The board was given clear advice in August that the business appeared to be technically insolvent and that on-going trading was wholly reliant on the support of the Bank of Scotland. As such, the board was advised that “creditors’ interest” duties had arisen. The board was therefore required to consider the interests of creditors as well as those of the company.

Goals said it had received a preliminary, but “highly caveated” offer, for the shares of the company from Sports Direct International. The board, advised by Canaccord Genuity and assisted by BDB Pitmans, its lawyers, co-operated fully with Sports Direct International and provided them with access to the board members, key personnel, the bank, all financial information (including financial projections) and other relevant information to permit them to formulate an offer as  prescribed by the Takeover Code.

Despite this full co-operation and the provision of all relevant information to Sports Direct International, “regretfully no offer was made.”

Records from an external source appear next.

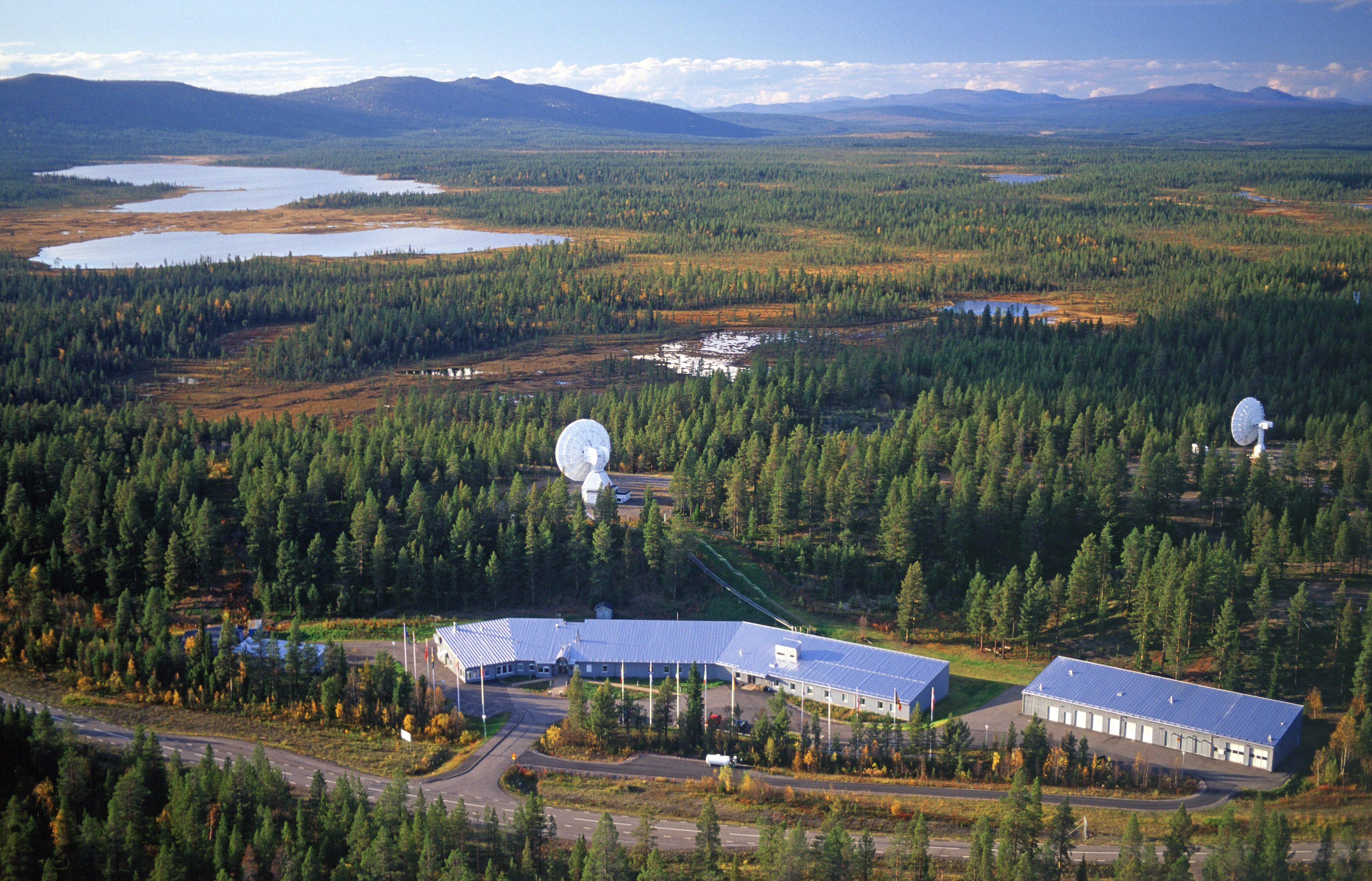 Kiruna station ESA's Kiruna station supports CryoSat, Integral, the Swarm trio and Sentinel 1A. It is located at Salmijärvi, 38 km east of Kiruna, in northern Sweden.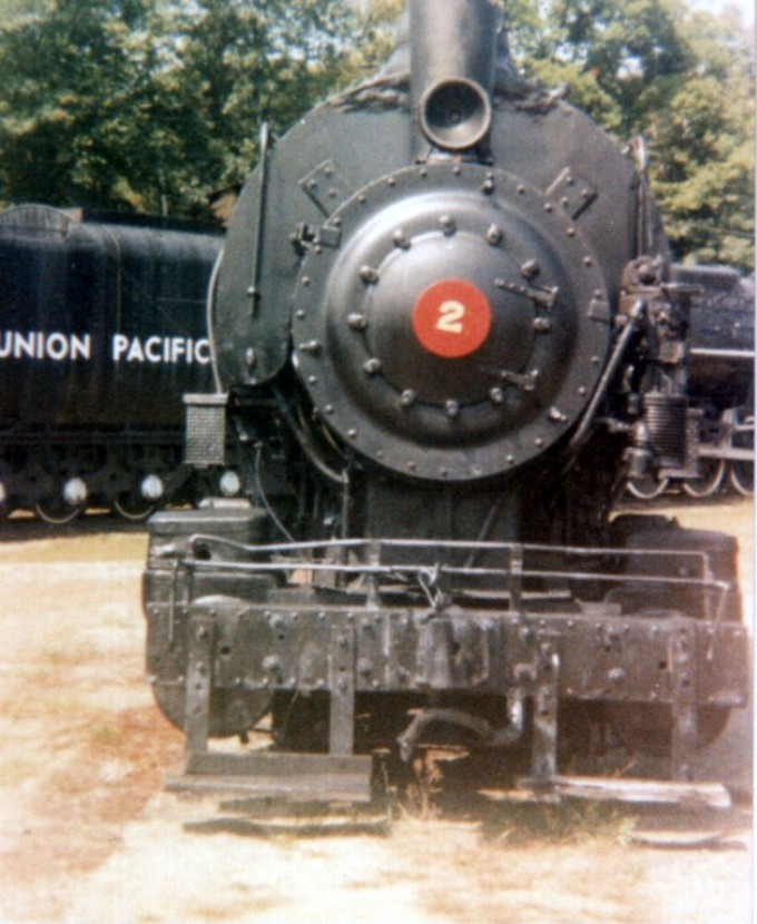 Simon Wrecking Company Locomotive 2 on static display at Steamtown USA Bellows Falls VT, C. 1974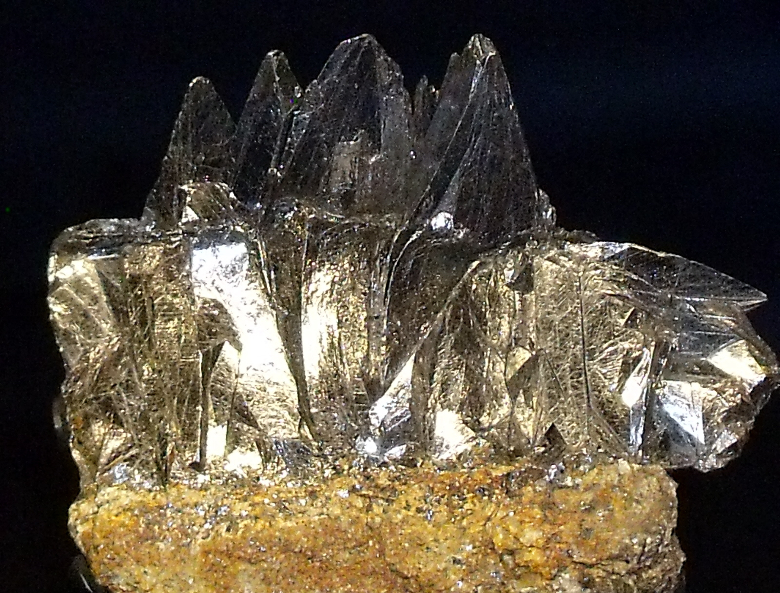 World-class graphite crystals in standing sheets 10 to 15 cm high. My thanks to the Manitoba Mineral Society for pointing out these unlabeled specimens from Baffin Island, on display at the Canadian Museum of Nature, Ottawa, Canada.

It is with regret that the funds generated through the sale do not fully compensate even the lenders to the company.

– Goals statement

The board also engaged Deloitte to advise on all options available to the company and to plan for the contingency of a possible administration of the company. The board concluded in late August, with recommendations from Deloitte, that the only feasible outcome was a sale of the business of the Company and its assets. This was exacerbated by the uncertain nature of the VAT-related issues and amounts owing to creditors.

The board said: “It is with regret that the funds generated through the sale do not fully compensate even the lenders to the company.”

It has already taken steps to preserve the company’s legal rights to compensation from parties who might be liable through negligence or more direct involvement, and entered into standstill agreements with former directors and also with its auditors of 15 years, KPMG.

The board is hopeful that action will be taken to hold those responsible to account, where appropriate. The board members would be supportive of any such action.

It is very unlikely that shareholders of Goals will receive any value for their shares.

“This outcome is a matter of deep regret for the board, but as previously outlined the nature of the inappropriate accounting (going back to at least 2009) and the VAT-related issues means the business has been significantly less profitable than previously believed.

“At each and every step of the way the board has done everything in its power in combination with its advisers to ensure that it took steps to deliver the best outcome for the company and its stakeholders.”